Does anyone else feel like their skin hygiene routine means nothing when their diet is a mess?

I used to be really consistent with my hygiene routine. Washed my face properly morning and night, changed pillowcases regularly, never slept with anything on my face, kept my hands away from my skin throughout the day. All the things you are supposed to do. And my skin was still breaking out constantly in the same spots on a pretty predictable cycle regardless of how careful I was externally.

It took me an embarrassingly long time to connect it to what I was eating. I think because hygiene and diet feel like completely separate categories in your head. One is about what touches your skin from the outside and the other is just food. The idea that a packet of something I had been eating casually for years was undermining everything I was doing externally just never crossed my mind seriously until I started paying proper attention.

What actually made me look at it was noticing that my skin was consistently worse after certain weeks without any obvious external reason. Same routine, same products, same everything. The only variable was what I had been eating. Once I started tracking that properly the pattern was pretty hard to ignore.
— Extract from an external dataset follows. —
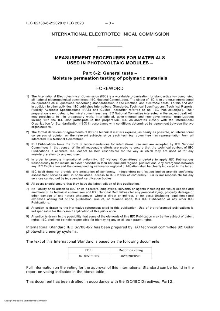 IEC 62788-6-2-2020 光伏组件用材料的测量程序 第6-2部分 一般试验 高分子材料透湿性试验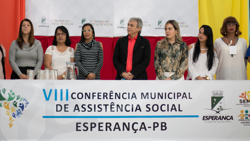 A VIII Conferência Municipal de Assistência Social cumpriu o seu propósito e reuniu na manhã de quinta-feira(20), membros do governo municipal, usuários e sociedade civil e Entidades não governamentais para definir as propostas que serão levadas à Conferência Estadual. Na ocasião, também foram eleitos os delegados que representarão a cidade de Esperança Durante a manhã, a presidente do Conselho Municipal de Assistência Social, Deborah Almeida, declarou a abertura da conferência. Em seguida, a secretária de Assistência Social, Taiana H. Grangeiro, falou da importância do evento apontando o que é possível fazer acontecer ao dar voz nossa população. O prefeito Nobson Pedro de Almeira reforçou o comprometimento com políticas públicas voltadas para a assistência social e destacou a importância do trabalho em equipe para alcançar objetivos que tragam melhoria para os esperancenses. A assistente social e palestrante Viviann Francisca Sales Fernandes discursou sobre o tema: "Garantia de Direitos no Fortalecimento do SUAS".

I went through my regular groceries properly for the first time and actually read what was in them. Used a couple of tools to help make sense of the ingredient lists because doing it manually is genuinely confusing without some context. What I found in things I had eaten without question for years was surprising enough that I started making gradual swaps.

The combination of keeping my external routine consistent while also cleaning up what I was eating internally made more difference than either one had done separately. My skin has been consistently calm for about five months now which is the longest stretch in probably three years.

I guess my point is that hygiene from the outside only goes so far if what is happening on the inside is working against it. Has anyone else here found that diet had a bigger impact on their skin hygiene results than they expected?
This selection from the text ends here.